E. coli est très bien réglementé. Son nombre peut être facilement ajusté et jeté au-delà du seuil de pathogénicité pour éliminer ses propriétés néfastes en augmentant le nombre de bifidobactéries et de lactobacilles.

La flore intestinale conditionnellement pathogène comprend également:

Fuzobakterii - les bâtons, qui sont des représentants normaux de l’environnement intestinal, mais à des concentrations élevées, sont capables de pénétrer dans le vagin d’une femme, provoquant ainsi la sécrétion des enzymes amnionites et une naissance prématurée.

Waylonlla - bactérie pouvant causer un excès important du niveau admissible d'abcès des tissus mous.

Peptostreptokokk, clostridia, propionobacterium, mobilunkus, atopobium
possèdent également des propriétés qui caractérisent la flore sous condition pathogène, c.-à-d. à faible concentration, leur présence est sans danger pour l'homme, mais dans certaines conditions et avec une reproduction incontrôlée, elles peuvent provoquer des processus inflammatoires dans l'intestin et dans la région urogénitale.

Ennemi humain - Flore pathogène

Les espèces restantes des habitants de nos intestins, à de rares exceptions près, appartiennent à la flore pathogène. Apprenez à les connaître.

Le staphylocoque est l'agent responsable des maladies pustulaires. De la même manière que dans tout le corps, il se manifeste dans les intestins - inflammations purulentes. Il a de nombreuses souches, la plus dangereuse est Staphylococcus aureus.

Particulièrement insidieux qui alloue deux types de toxines: l’exotoxine à l’état vivant et l’endotoxine (poison cadavérique) lorsqu’elle est détruite par des antibiotiques.
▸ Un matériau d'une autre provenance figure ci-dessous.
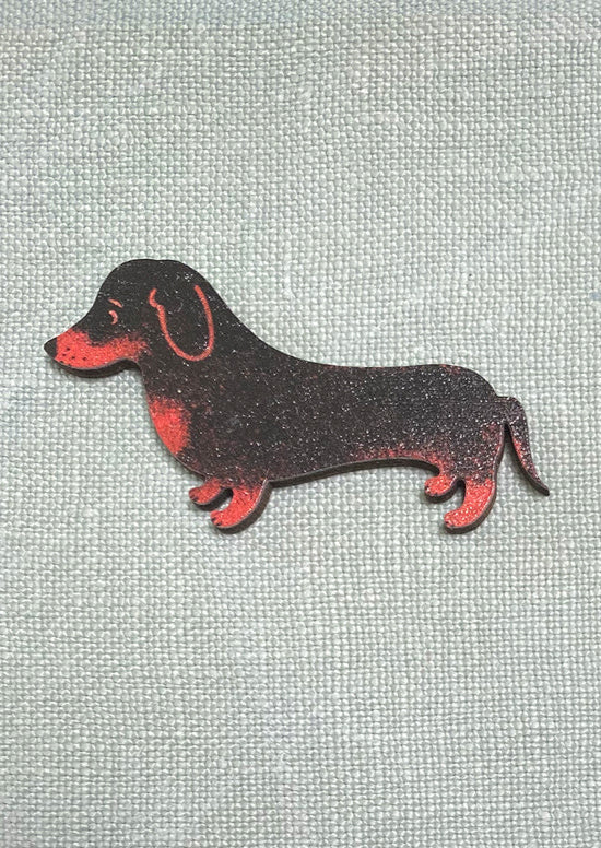 Wooden pin brooch with bar badge pin by Elizabeth Harbour. The design is laser cut from sustainably sourced birch plywood and printed with UV cured inks. Made in England.

Le traitement du staphylocoque avec des remèdes populaires, en plus du traitement antibactérien, est toujours un processus long et complexe en raison de la ruse particulière de la bactérie.
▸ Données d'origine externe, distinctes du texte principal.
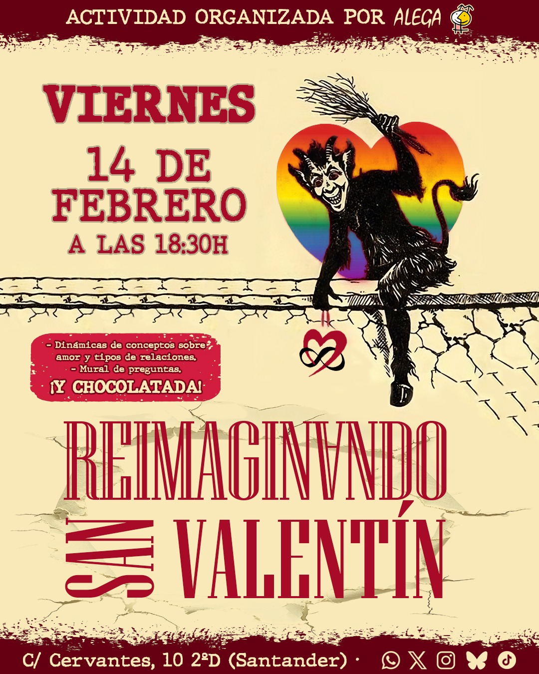 El viernes 14 de febrero tenemos un dulce y divertido plan para ti. Escaparemos del amor monógamo-normativo hegemónico para descubrir otros tipos de amor y de relaciones, compartiremos dudas y romperemos estereotipos mientras disfrutamos de un rico chocolate ☕.

Les agents utilisés à cette fin ont une activité antimicrobienne accrue - momie, échinacée, racines de bardane, consoude, elecampane.

Klebsiella - la propriété principale est qu'il arrive toujours là où le staphylocoque vient de partir.

E. coli pathogène: les antibiotiques sont impuissants contre elle. Il sécrète des toxines terribles, notamment: l'hémolysine, la dissolution des cellules sanguines, la néphrotoxine, la destruction de la fonction rénale, la neurotoxine, la destruction du tissu nerveux.

Fongique: leur principale caractéristique est qu’ils adorent les sucreries. En conséquence, toutes les infections fongiques sont favorisées par une forte teneur en saccharose.

Un malaise spécial est le muguet pendant la grossesse. Comment traiter dans ce cas, si vous ne pouvez pas priver le fruit en croissance de glucides précieux?

Vous devriez reconsidérer la composition en glucides de votre régime alimentaire, remplacer les glucides rapides par des lents, et réduire leur utilisation dans des limites raisonnables.

Le plus simple (unicellulaire) - amibe, Giardia, flagellés. Ils sont dangereux car ils pénètrent dans les interstices et les capillaires intercellulaires, allant d’un organe à l’autre - du sang à la lymphe, de l’intestin au foie, etc.

Les amoureux de nos petits frères en souffrent principalement, car tous les animaux sont des distributeurs naturels naturels des plus simples: en tous, sans exception, lamblia live.

Chez les enfants, les symptômes et le traitement de l’infection à lambliasis constituent un problème particulier, car ce sont souvent eux qui développent la forme aiguë et grave de cette infection en raison d’une immunité affaiblie, se manifestant par de la fièvre, des vomissements et une douleur épigastrique aiguë.

Le traitement consiste principalement à utiliser des médicaments antiparasitaires et à éliminer le contact avec les animaux.